Originally Posted by *Quirky*
Does anyone have a reliable number/estimate as to how many nerve endings are in the clitoris vs. how many are in the foreskin?

Also, exactly what part of a woman's genitals are analogous to the foreskin, i.e., what parts of the genital tubercule in a fetus develop into the foreskin in a man and the ____ in a woman?


The number of nerve endings is not important because the two structures have different functions. Most people assume that since boh the penis and the clitoris spring forth from the genital tubercle and have similar shapes (although different sizes) that the function is the same. Even the majority of medical professionals think this. However, the two parts have vastly different functions.

In each gender, the function is specific to each part. For example, the male glans and the female G-Spot are both pressure sensitive organs. Consider that during intercourse, both of these parts are together to both recieve pressure stimulus. That being the case, they are the two organs that are analogous in function.
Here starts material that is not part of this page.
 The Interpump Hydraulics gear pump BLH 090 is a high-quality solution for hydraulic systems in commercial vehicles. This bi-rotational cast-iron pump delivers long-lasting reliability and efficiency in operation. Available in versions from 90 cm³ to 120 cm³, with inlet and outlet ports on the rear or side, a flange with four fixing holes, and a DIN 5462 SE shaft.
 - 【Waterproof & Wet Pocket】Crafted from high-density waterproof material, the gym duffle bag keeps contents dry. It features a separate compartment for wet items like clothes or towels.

Then there is the clitoris that recieves gentle tactile stimulation. The male counterpart is the frenulum which is always removed in circumcision. This tells us that male circumcision removes the functional equivalent of removing the clitoris of the female. Consider that during intercourse, the frenulum is somewhat protected from over stimulation by the coronal groove and the foreskin just as the clitoris is protected by the clitoral hood being pulled down over it.

The female's vaginal sphincter receives stretching sensory input just the same as the male's preputial sphincter and frenulum receives stretching sensory input. Since the preputial sphincter is always removed in circumcision, it is the equivalent of removing all of the musclature of the female's vaginal opening.
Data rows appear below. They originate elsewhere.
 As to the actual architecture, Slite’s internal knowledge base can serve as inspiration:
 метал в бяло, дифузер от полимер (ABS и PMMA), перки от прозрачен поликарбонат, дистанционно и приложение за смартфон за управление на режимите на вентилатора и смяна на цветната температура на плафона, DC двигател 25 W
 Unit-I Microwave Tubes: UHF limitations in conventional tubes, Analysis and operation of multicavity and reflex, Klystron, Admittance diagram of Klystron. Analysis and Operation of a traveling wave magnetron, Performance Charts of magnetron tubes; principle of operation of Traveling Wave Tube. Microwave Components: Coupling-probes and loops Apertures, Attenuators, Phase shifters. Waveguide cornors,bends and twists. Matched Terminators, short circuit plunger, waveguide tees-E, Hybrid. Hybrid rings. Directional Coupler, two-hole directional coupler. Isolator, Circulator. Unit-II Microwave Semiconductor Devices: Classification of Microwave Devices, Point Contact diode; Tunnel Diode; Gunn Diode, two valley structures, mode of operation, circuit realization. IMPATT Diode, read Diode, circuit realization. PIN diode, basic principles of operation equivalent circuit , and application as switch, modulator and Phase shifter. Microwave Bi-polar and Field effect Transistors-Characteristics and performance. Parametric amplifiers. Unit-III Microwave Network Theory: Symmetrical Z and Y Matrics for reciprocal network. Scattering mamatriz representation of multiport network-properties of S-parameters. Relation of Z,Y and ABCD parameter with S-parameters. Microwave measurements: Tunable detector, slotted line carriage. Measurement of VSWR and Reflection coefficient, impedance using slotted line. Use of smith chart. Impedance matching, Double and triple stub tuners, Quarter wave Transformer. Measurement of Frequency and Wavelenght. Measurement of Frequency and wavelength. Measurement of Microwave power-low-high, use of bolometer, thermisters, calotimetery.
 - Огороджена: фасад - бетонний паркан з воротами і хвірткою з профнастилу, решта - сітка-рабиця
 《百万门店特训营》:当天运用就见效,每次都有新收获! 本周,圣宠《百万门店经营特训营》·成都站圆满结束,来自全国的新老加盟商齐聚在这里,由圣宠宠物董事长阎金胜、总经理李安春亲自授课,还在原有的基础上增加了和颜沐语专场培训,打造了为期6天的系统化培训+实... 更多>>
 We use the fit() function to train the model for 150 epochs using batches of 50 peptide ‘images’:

Finally, the female's labial mucosal skin recieves sensory input and the corresponding structure in the male is the inner mucosal skin. Since circumcision removes 2/3 to 3/4 of the mucosal skin, the female equivalent would be to remove 2/3 to 3/4 of her labia.

The total functional destruction of male circumcision compared to a female's sexual function would be to remove her clitoris, clitoral hood and vaginal sphincter. This would leave the female with only her G-Spot as her sexual stimulation point. Most women believe that that would leave them totally unable to enjoy sex. However, women who have had this level of destruction report a very satisfying sexual experience just as circumcised men report satisfying sexual experiences. Just because we don't have FGM as a cultural norm, we regard it as sexually debilitating and male circumcision as innocous. It just ain't true. Read this for an eye opener:

http://www.fgmnetwork.org/Lightfoot-...experience.htm

Frank


----------



## momto3boys (May 15, 2003)

Wow. Wow. Wow.

Golly gee Frank! You sure are a smart one.

Thanks!

Frank for President! Circumcision No More in 2004!


----------



## Breathless Wonder (Jan 25, 2004)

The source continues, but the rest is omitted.